ALROSA

 G7がロシア産のダイヤモンドの輸入を禁止する制裁を発動し、効果が注目されているところだが、そもそも石油などと比べるとダイヤモンドの輸出額や連邦財政への貢献度は桁違いに低く、それだけでロシア全体の屋台骨を揺るがすような性格のものではない。

 ただし、ロシアのダイヤモンド採掘の独占的企業として知られるアルロサ社のお膝元であるサハ共和国にとっては、事情が異なる。そして、こちらのリリースが、2023年にアルロサ社がサハ共和国財政に記録的な額の歳入をもたらしたということを伝えているので、以下要旨を整理しておく。

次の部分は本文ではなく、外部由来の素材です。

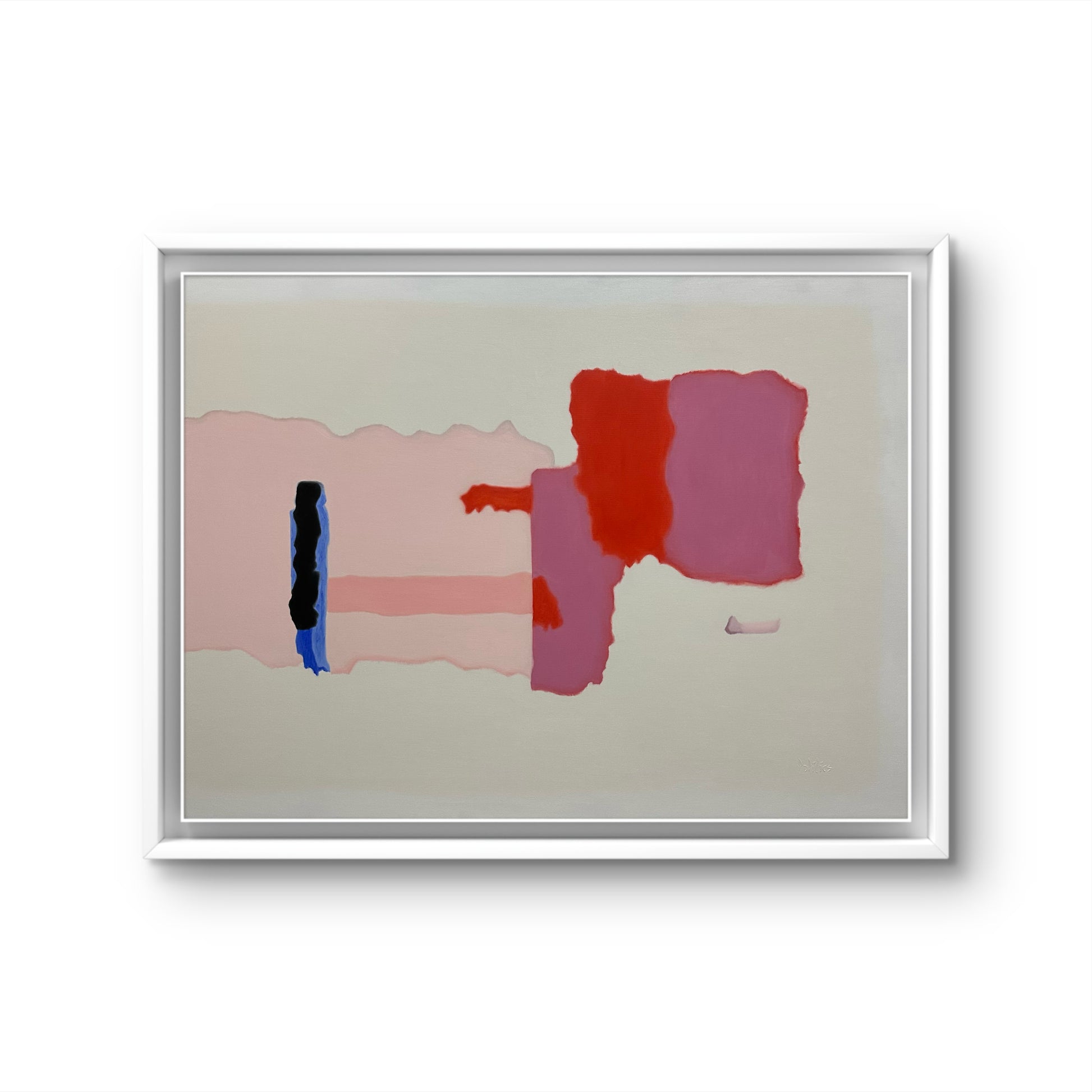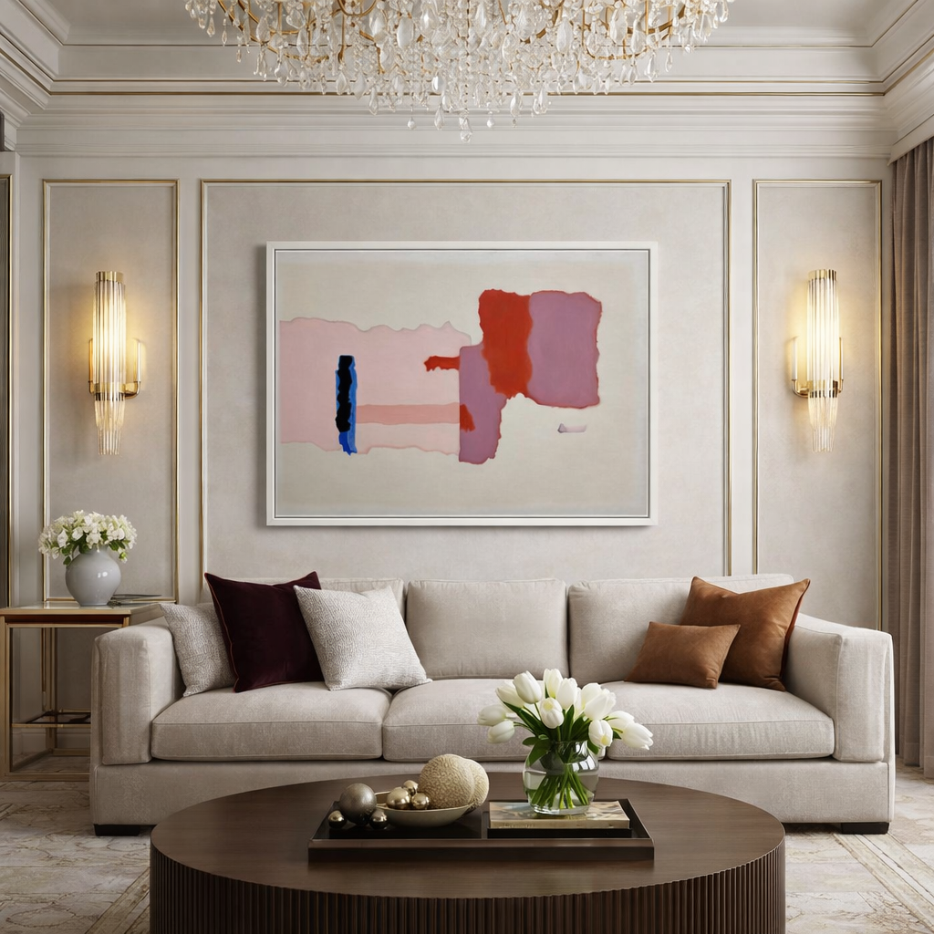 Floating Structures explores the quiet movement of emotion beneath stillness. Soft blush tones drift across the surface while deeper forms interrupt the calm, creating a subtle tension between flow and resistance. The composition invites the viewer to slow down and feel the undercurrent of thought, memory, and presence that exists even in moments of apparent quiet.

 2023年にアルロサは、サハ共和国の統合財政に、956億ルーブルの納入を行った。税金、義務的支払、配当、社会プログラムへの投資などから成る。2022年には528億ルーブルだったから、67%増ということになる。

 アルロサによる納入は、サハ共和国の統合財政の独自歳入の32%を占めた。大企業からの納入分に対しては、58%という比率となる。

 956億ルーブルのうち、税金の納入は790億ルーブルであり、過去最高となった。主なものは、地下資源採掘税の390億ルーブル(前年比75%増)、利潤税200億ルーブル(同36%増)、個人所得税の天引き分が79億ルーブル(同16%増)だった。

 アルロサはサハ共和国のミールヌィ市に登記され、主な子会社と生産企業もサハ共和国内にある。それゆえ、アルロサの納税の4分の3は連邦ではなくサハ共和国と各郡に納入される。

 また、アルロサの株式の3分の1ほどをサハ共和国が、別の3分の1を共和国の8つの郡が保有しているので、サハ共和国の財政には配当ももたらされる。2023年上半期終了時に、90億ルーブルの配当がサハ共和国の統合財政に支払われた。